If you're looking for something sweet in the communications company's third consecutive loss, it'll have to come from its mobile-phone business. Motorola's Personal Communication Segment took another step in revenue and orders in its third quarter reported after market's close Tuesday, moving up to $2.7 billion in sales and $3 billion in orders from the second-quarter's $2.5 billion in sales and orders of $2.9 billion. Motorola happily announced the mobile-phone business returned to the black after two quarters of losses, turning a pro forma profit of $19 million.

Motorola's chip business took another expected step down, as sales languished below the second quarter's depressed $1.3 billion to $1.1 billion The chip segment added a monstrous $355 million operating loss to last quarter's $381 million deficit.
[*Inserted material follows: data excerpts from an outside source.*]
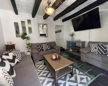 La acogedora casa principal está lista para moverse y cuenta con dos habitaciones de tamaño generoso, ambas situadas en el piso superior. El dormitorio principal cuenta con balcones encantadores con vistas a la calle, agregando un delicioso toque de carácter. La cocina y el comedor de concepto abierto proporcionan un diseño cómodo y funcional, perfecto para la vida moderna. En la parte trasera de la casa, encontrará un pequeño patio que sirve como área de lavandería dedicada.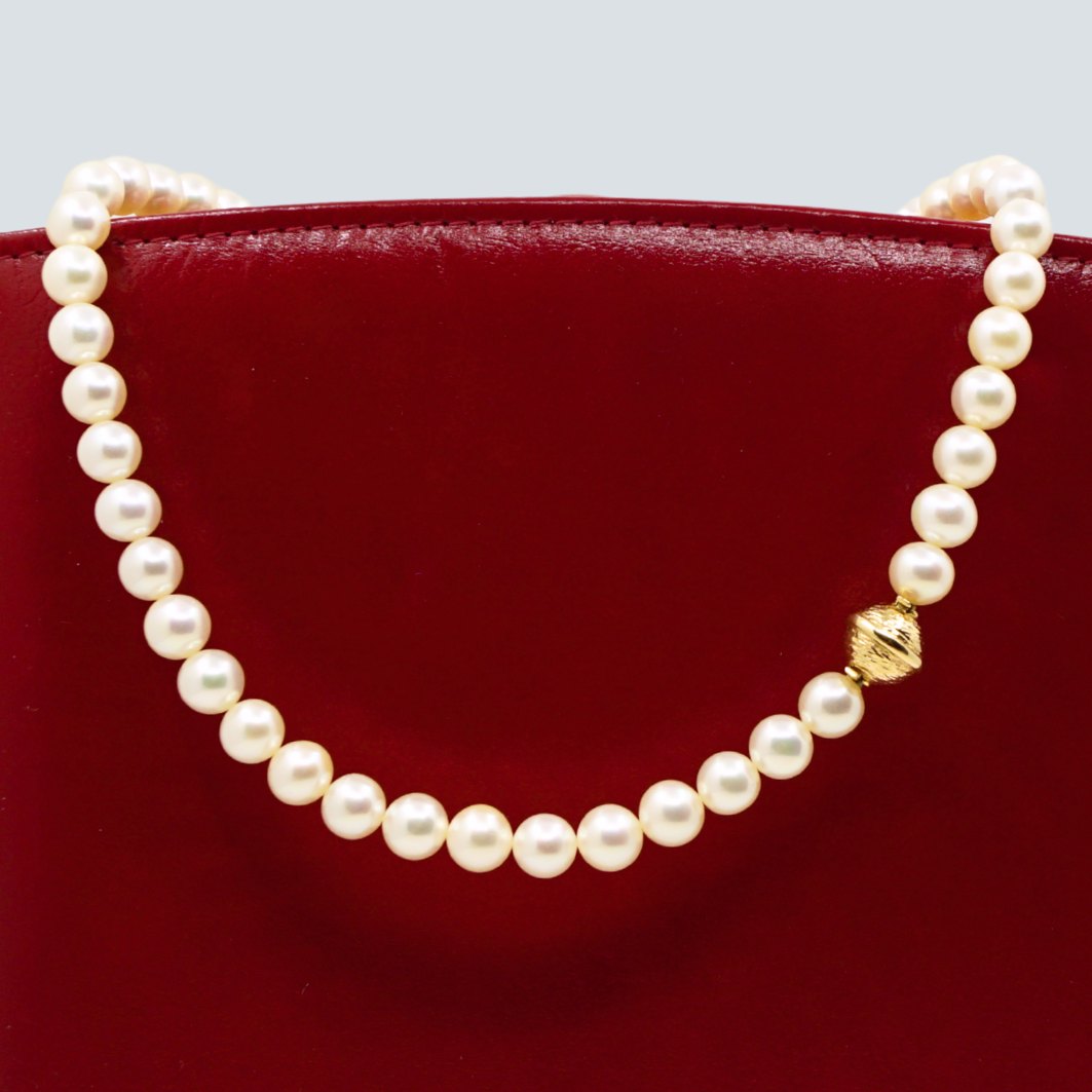 Per Borup; Kuglelås i 14 kt. guld, inklusiv perlekæde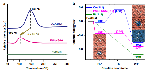 (a) N2O氧化预处理后Pt/MMO、PtCu-SAA和 Cu/MMO样品表面的H2-TPR谱;(b) Pt/MMO、PtCu-SAA和Cu/MMO (111)面的H2解离的势能分布图。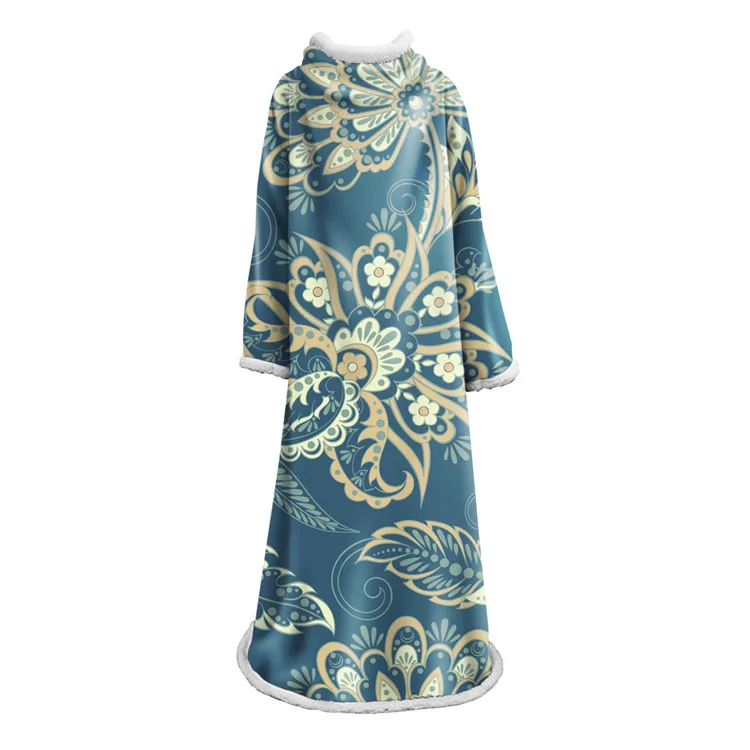 Зимнее теплое шерстяное Флисовое одеяло с рукавами, богемное носимое одеяло для кровати, диван Материалы: 100% полиэстер Размер: 127*178 см/50*70 дюймов (длина рукава 65 см) Цвет: как на фото Тип: одеяло с рукавами Упаковка: 1 одеяло Полезные советы: из-за разницы в освещении и экране светильник может значительно отличаться от изображения. Замеры сделаны вручную, поэтому возможны отклонения на 1-5 см.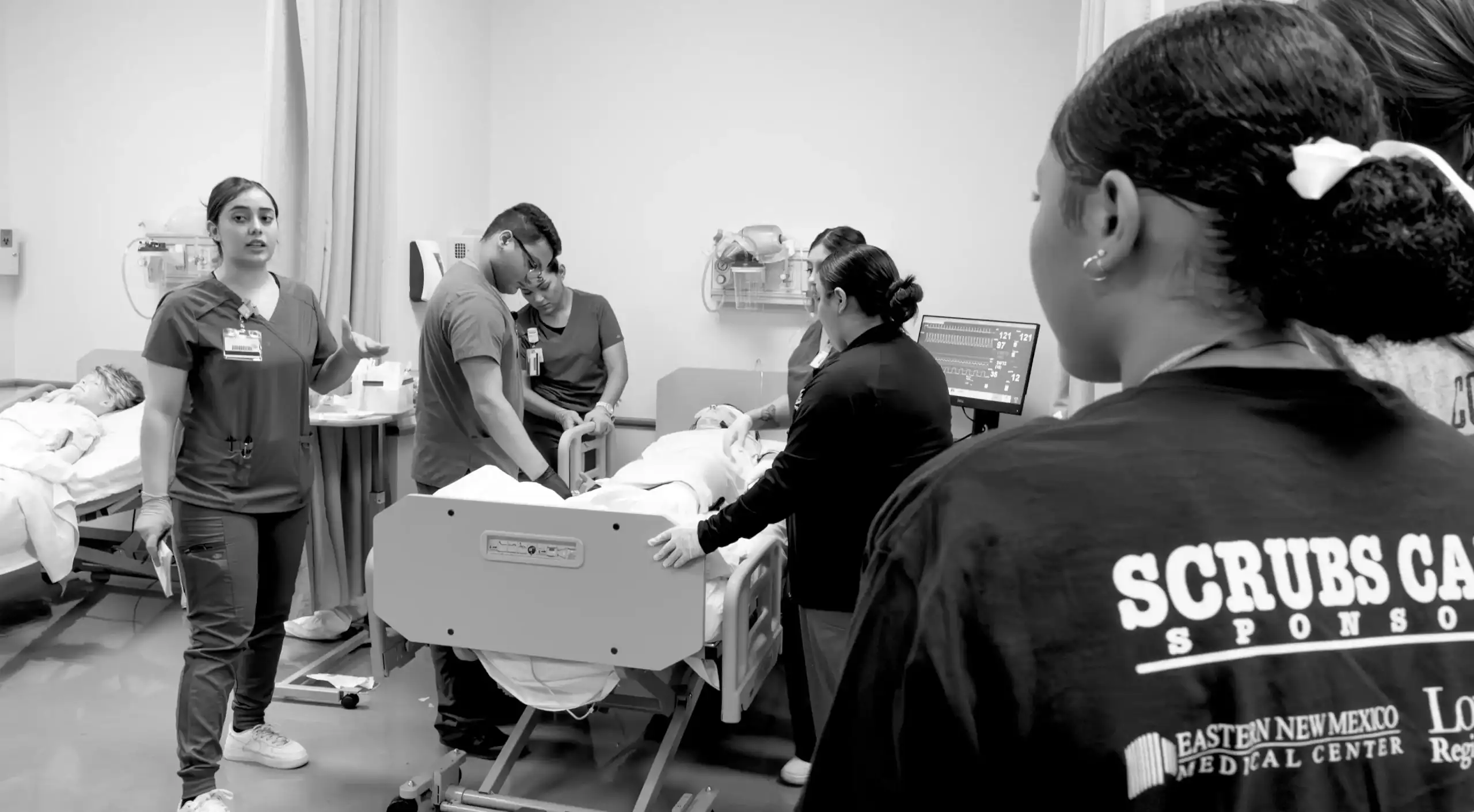 Students wearing "Scrubs Camp" branded blue t-shirts and teal medical scrubs gather around a hospital bed during a clinical simulation. A group of instructors in teal scrubs is demonstrating a procedure on a medical mannequin. The setting is a simulated hospital room, featuring a red medical utility cart with monitoring equipment, blue privacy curtains, and wall-mounted medical gas ports.

On a positive note, orders increased from $1 billion last quarter to $1.1 billion in the third quarter. The wireless equipment business took the opposite tack, with sales increasing consecutively from $1.7 billion to $1.8 billion, but orders for infrastructure dropping off sharply from $2 billion to $1.6 billion.

Before Sept. 11, dark clouds were swirling over the wireless infrastructure giants that sell equipment to a set of increasingly cash-conservative carriers. Mobile phone companies' reluctance to spend equipment dollars caused Ericsson (ERICY:Nasdaq ADR - news - commentary - research) to caution that it doesn't expect to see growth in its equipment business in 2002. Motorola emphasized the same, saying it would lay off another 2,000 people from its infrastructure segment, bringing total announced companywide layoffs to 32,000 this year.

On Sept. 6, Motorola toned down its previous forecasts for the third quarter, saying that instead of 5% revenue growth over the second quarter's $7.5 billion, it would have flat revenues. Motorola got more specific on its prediction for "several cents a share" losses in Q3, advising analysts to expect losses in the range of 5 cents to 8 cents per share.

The communications giant's second quarter featured a promising rebound in the Personal Communication Sector that holds the No. 2 spot worldwide in mobile phone market share, and the Sept. 6 warning pointed out "improved profitability" in the PCS segment, along with increased sales. The PCS group lost a whopping $237 million in the second quarter.

Following a several-quarter pattern, investors had resigned themselves to poor Motorola results weeks ago, making the communications company's predictions for the fourth quarter the most important data to come out of its results. Motorola will announce its projections at 8 a.m. Eastern time Wednesday morning.